Nine die in Kabul supermarket blast

Nine die in Kabul supermarket blast

Three foreign women and one child, whose nationality was not known, were among the dead, Kabul Police Chief Mohammad Ayub Salangi told reporters at the scene. Six others were wounded, including two who suffered critical injuries, he said.

The Taliban claimed responsibility, saying the attack was against a US-based security contractor.

"It was one suicide attacker," said Sayed Bashir, a member of the Ministry of Interior's criminal investigation team. "We found the two legs of the suicide bomber".

Attacks in the Afghan capital have fallen off in recent months and the explosion in the Wazir Akbar Khan district, considered one of the safest in the city, alarmed diplomats and other members of the international community.

The heavily guarded district is home to many foreigners and wealthy Afghans -- many who shop at the pricey store.

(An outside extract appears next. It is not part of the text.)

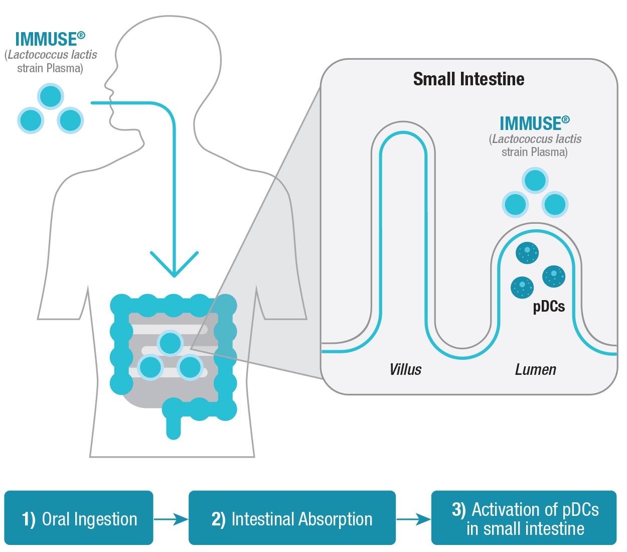 Once taken, IMMUSE makes its way through the GI tract to the small intestine where specialized M cells pick up the small particles and transport them into the Peyer’s Patches. The small particles of IMMUSE directly activate pDCs, subsequently stimulating multiple types of immune cells, which then circulate throughout the body strengthening overall immune defense from the inside out.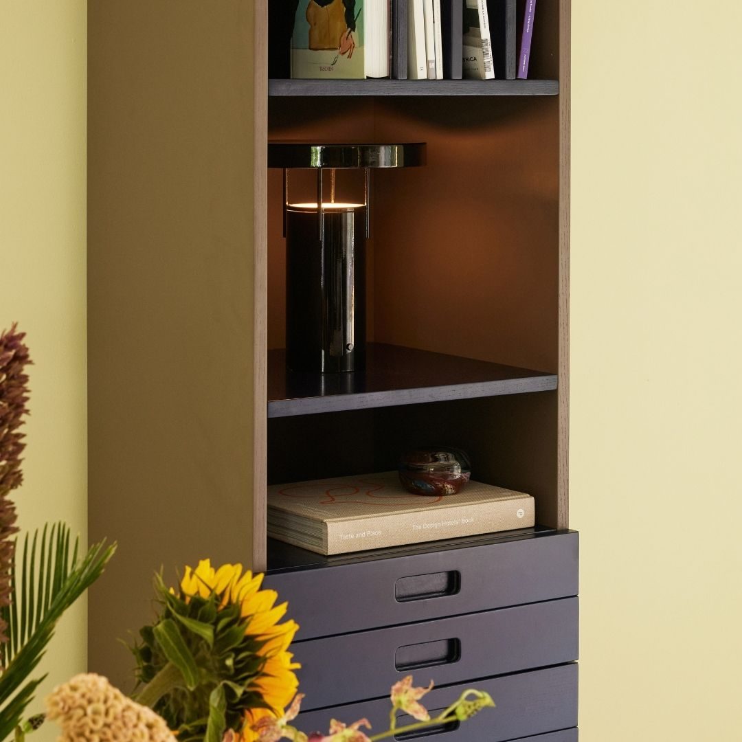 • No quarto ou quarto juvenil como módulo de armazenamento elegante e funcional, combinando com outras peças da série Study ou mobiliário neutro.

Ahmad Zaki, another member of the criminal investigation unit, said the suicide bomber threw at least one grenade and fired shots, prompting customers to run to another area of the store. "Then he blew himself up," Zaki said.

The explosion ignited a small fire in the frozen food section. Black, acrid smoke filled the main floor of the two-story store.

Mounds of canned goods, boxes of cereal and other merchandise were strewn across the floor, making it difficult for police officers and rescuers to walk around. More than an hour after the 2:30 p.m. blast, a charred smell still permeated the store.

"I was inside the store," Mary Hayden, a Western consultant, said recounting the attack. "To my left, I heard a gunshot. A bomb went off. Everyone was running to the back of the building".

Afghan President Hamid Karzai condemned the attack and said the "enemies of Afghanistan are so desperate that they are now killing civilians, including women, inside a food market". He said attacks against women "are not part of Afghan culture or Islam. This is an attack against Islam".

In a text message sent to reporters, Taliban spokesman Zabiullah Mujahid wrote: "It was an attack on the chief of Blackwater".

Blackwater Worldwide, based in North Carolina, is now called Xe Services.
The store was full of foreign customers, according to Moujib, a 14-year-old Afghan boy who uses just one name.

"I was on the first floor and we heard a boom," he said, crying and clinging to his mother. "I might have heard some shooting. Then I saw fire everywhere".